If you define a char array without the terminating \0 (called a "null terminator"), then your string, well, won't have that terminator. You would do that like so:
char strings[] = {'h', 'e', 'l', 'l', 'o'};
The compiler never automatically inserts a null terminator in this case. The fact that your code stops after "+2" is a coincidence; it could just as easily stopped at +50 or anywhere else, depending on whether there happened to be \0 character in the memory following your string.
If you define a string as:
char strings[] = "hello";
Then that will indeed be null-terminated. When you use quotation marks like that in C, then even though you can't physically see it in the text editor, there is a null terminator at the end of the string.
There are some C string-related functions that will automatically append a null-terminator. This isn't something the compiler does, but part of the function's specification itself. For example, strncat(), which concatenates one string to another, will add the null terminator at the end.
However, if one of the strings you use doesn't already have that terminator, then that function will not know where the string ends and you'll end up with garbage values (or a segmentation fault.)

In C language the term string refers to a zero-terminated array of characters. So, pedantically speaking there's no such thing as "strings without a '\0' char". If it is not zero-terminated, it is not a string.
Now, there's nothing wrong with having a mere array of characters without any zeros in it, as long as you understand that it is not a string. If you ever attempt to work with such character array as if it is a string, the behavior of your program is undefined. Anything can happen. It might appear to "work" for some magical reasons. Or it might crash all the time. It doesn't really matter what such a program will actually do, since if the behavior is undefined, the program is useless.

This would happen if, by coincidence, the byte at *(str + 5) is 0 (as a number, not ASCII)
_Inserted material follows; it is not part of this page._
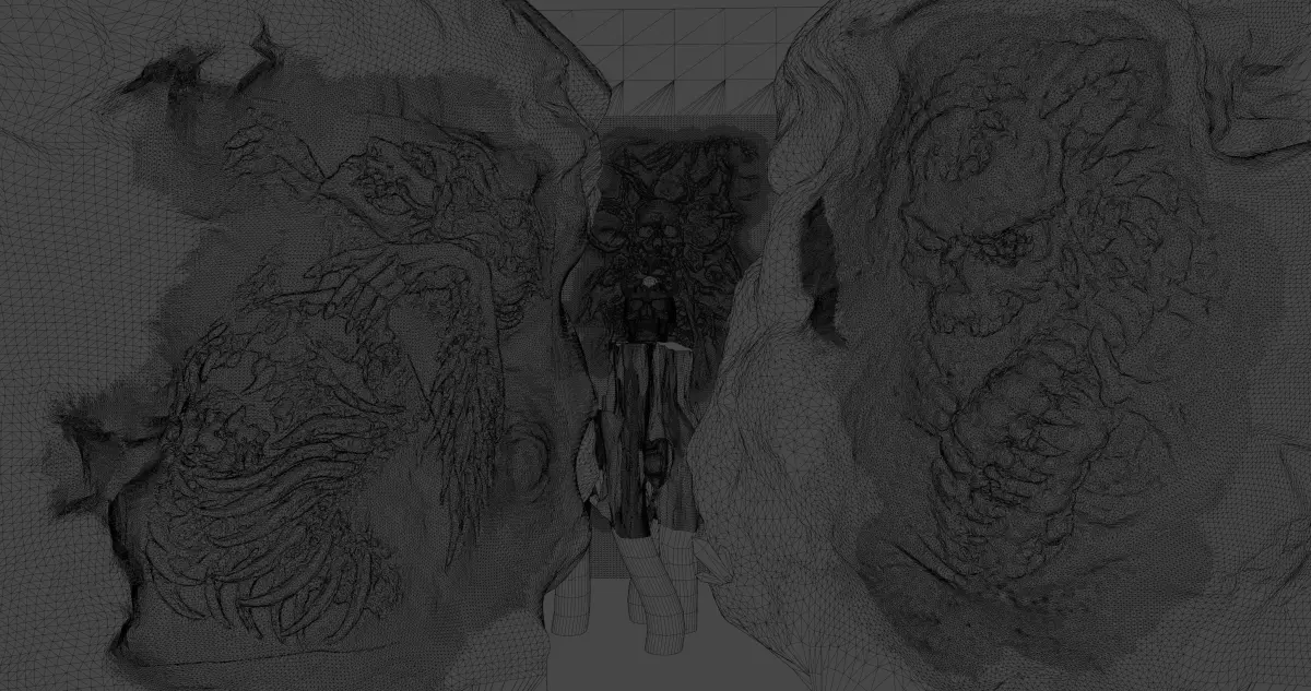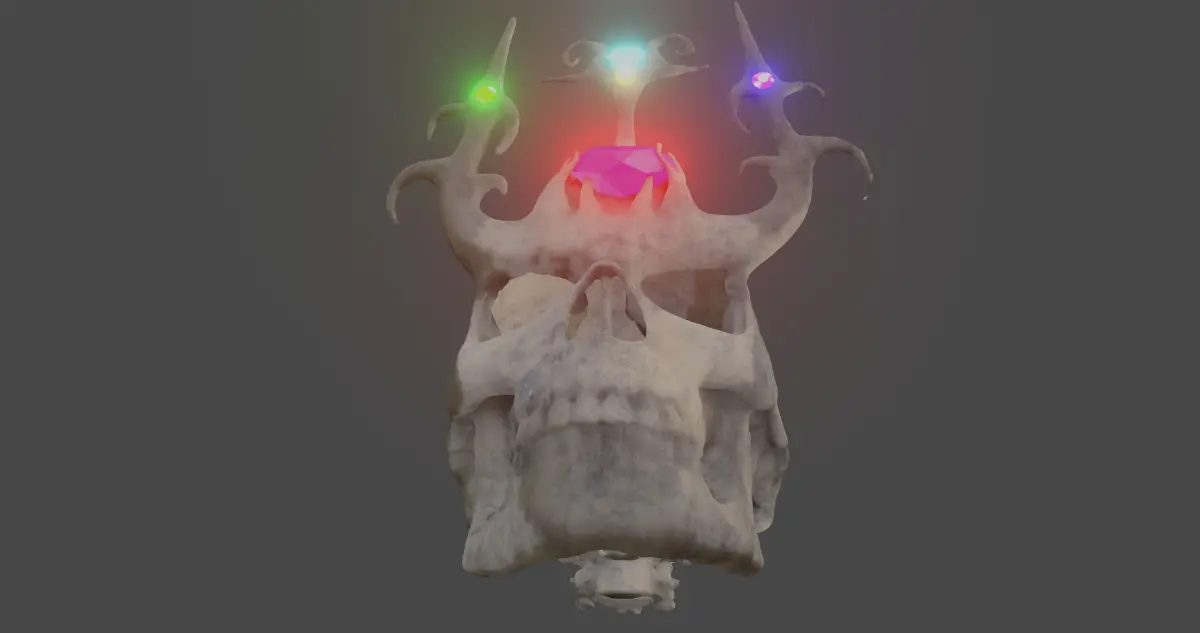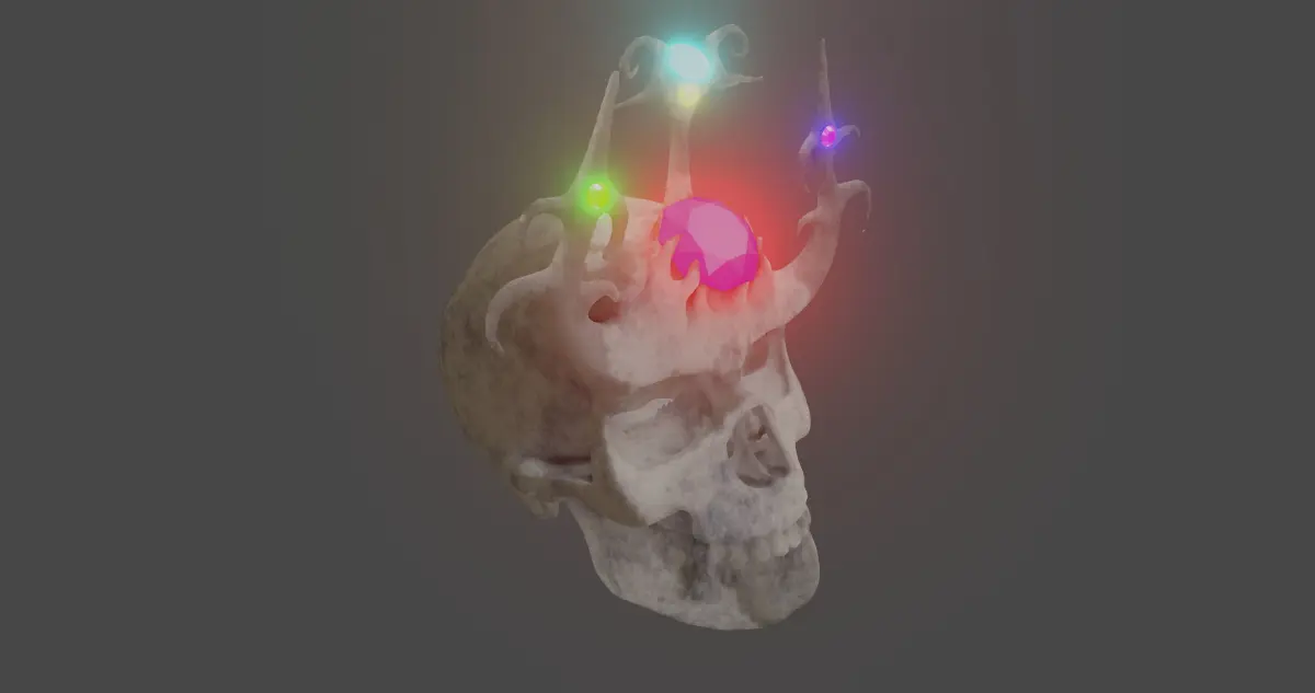 models1.skull king 3d model 2.skeleton skulpted 3 walls 3.crystal4.pebble,grass

As far as most string-handling functions are concerned, strings always stop at a '\0' character. If you miss this null-terminator somewhere, one of three things will usually happen:
Your program will continue reading past the end of the string until it finds a '\0' that just happened to be there. There are several ways for such a character to be there, but none of them is usually predictable beforehand: it could be part of another variable, part of the executable code or even part of a larger string that was previously stored in the same buffer. Of course by the time that happens, the program may have processed a significant amount of garbage. If you see lots of garbage produced by a printf(), an unterminated string is a common cause.
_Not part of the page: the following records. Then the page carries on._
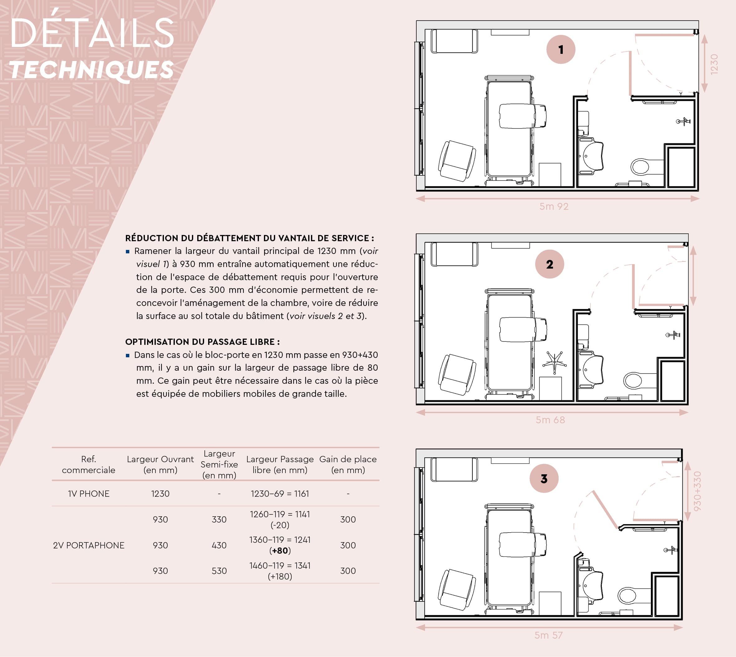 • D’accroître les largeurs de passage réel pour faciliter la circulation d’éléments encombrants, tels que les lits médicalisés de grande taille.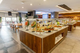 На разположение на гостите са основен ресторант и а`ла карт ресторант на плажа. В основния ресторант се предлагат турски и интернационални ястия, на които гостите могат да се насладят на открито и на закрито. Освежаващи напитки се предлагат в лоби бар, бар при басейна и бар на плажа.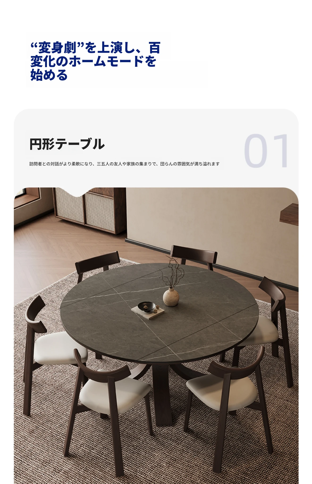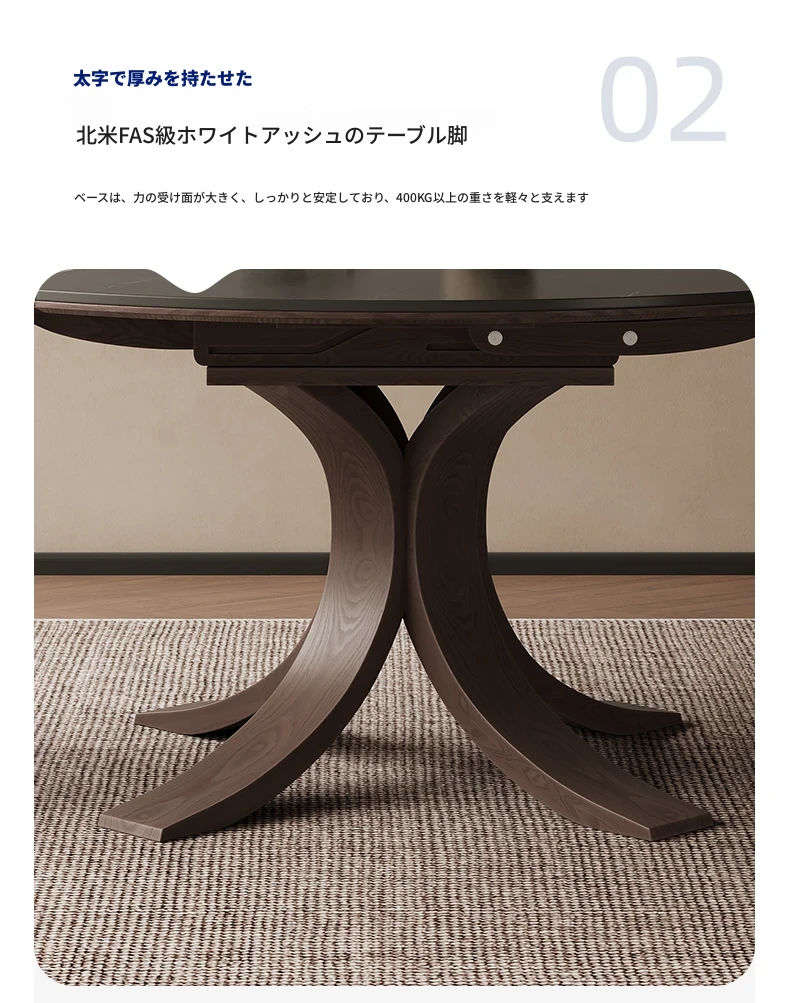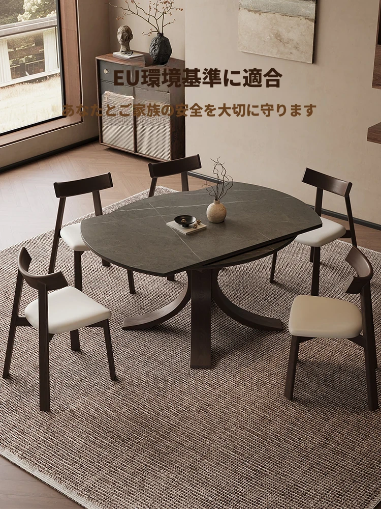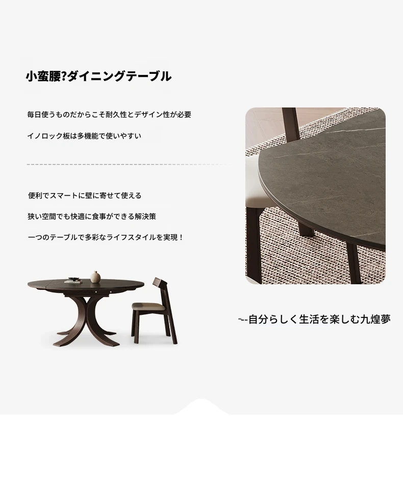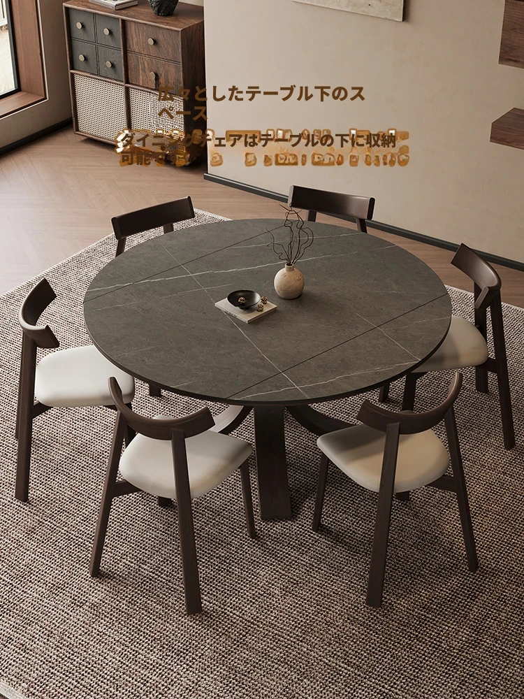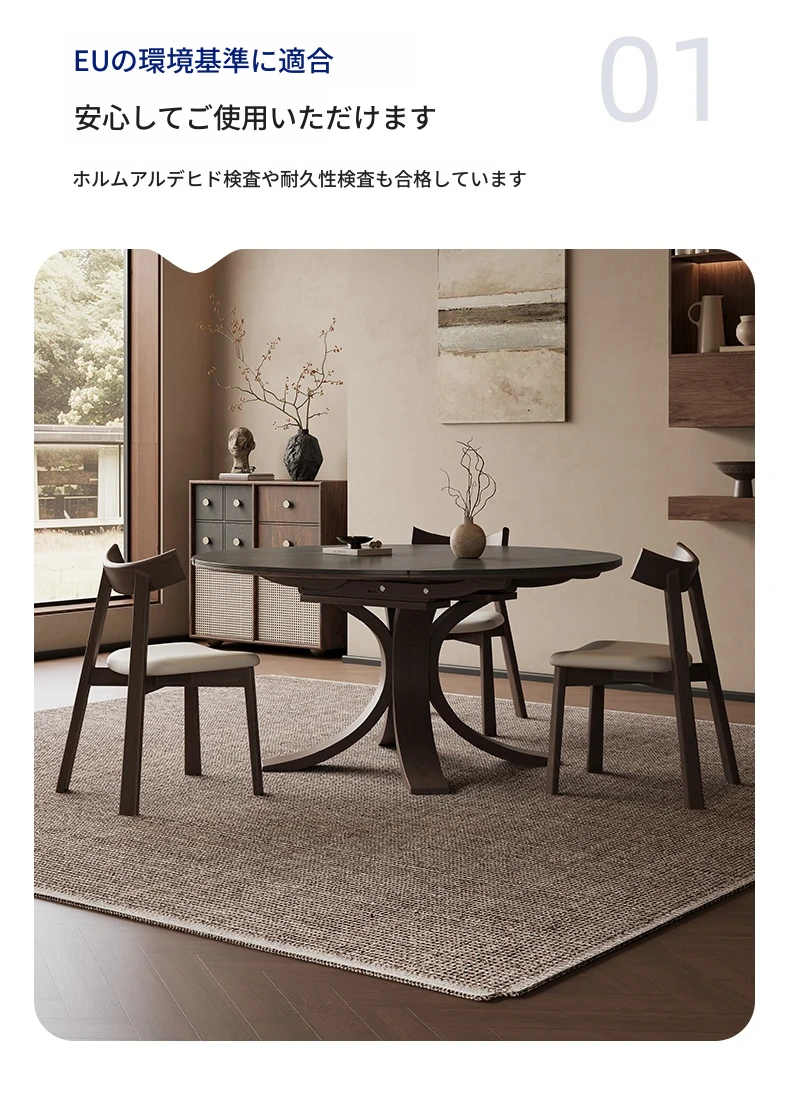 ブラックウォールナット色のスリムな無垢材ロックボード伸縮式丸型ダイニングテーブル - 小型住宅に最適!四角形と丸形の2通りで折りたためる便利なデザイン。おしゃれで機能的な空間を演出します。

Your program will continue reading past the end of the string until it tries to read an address outside its address space, causing a memory error (e.g. the dreaded "Segmentation fault" in Linux systems).
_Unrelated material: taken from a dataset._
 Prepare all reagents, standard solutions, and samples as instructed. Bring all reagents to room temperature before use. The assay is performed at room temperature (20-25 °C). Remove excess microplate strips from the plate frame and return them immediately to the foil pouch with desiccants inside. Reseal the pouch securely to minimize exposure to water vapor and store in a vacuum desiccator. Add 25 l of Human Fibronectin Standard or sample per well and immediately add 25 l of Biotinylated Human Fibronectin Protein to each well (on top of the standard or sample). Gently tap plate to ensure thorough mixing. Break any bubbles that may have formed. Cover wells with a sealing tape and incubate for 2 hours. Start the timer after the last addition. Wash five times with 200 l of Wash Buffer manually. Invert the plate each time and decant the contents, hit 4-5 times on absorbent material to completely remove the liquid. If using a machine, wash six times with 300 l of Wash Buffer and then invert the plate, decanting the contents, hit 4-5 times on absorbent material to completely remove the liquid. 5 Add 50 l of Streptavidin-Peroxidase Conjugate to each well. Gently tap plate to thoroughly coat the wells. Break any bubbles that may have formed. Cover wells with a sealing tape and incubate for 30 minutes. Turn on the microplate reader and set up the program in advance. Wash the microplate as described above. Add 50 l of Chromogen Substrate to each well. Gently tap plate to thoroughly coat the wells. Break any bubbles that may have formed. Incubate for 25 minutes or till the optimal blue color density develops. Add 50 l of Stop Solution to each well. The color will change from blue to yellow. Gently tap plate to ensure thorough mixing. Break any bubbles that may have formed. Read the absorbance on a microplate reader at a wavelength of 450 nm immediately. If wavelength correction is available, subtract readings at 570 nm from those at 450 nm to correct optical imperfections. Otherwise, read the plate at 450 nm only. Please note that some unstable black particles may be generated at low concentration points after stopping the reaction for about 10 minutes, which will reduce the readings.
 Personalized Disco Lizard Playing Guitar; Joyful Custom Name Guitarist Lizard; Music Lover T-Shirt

Your program will run out of space when copying over the string and will, again, cause a memory error.
And, no, the C compiler will not normally do anything but what you specify in your program - for example it won't terminate a string on its own. This is what makes C so powerful and also so hard to code for.

I bet that an int is defined just after your string and that this int takes only small values such that at least one byte is 0.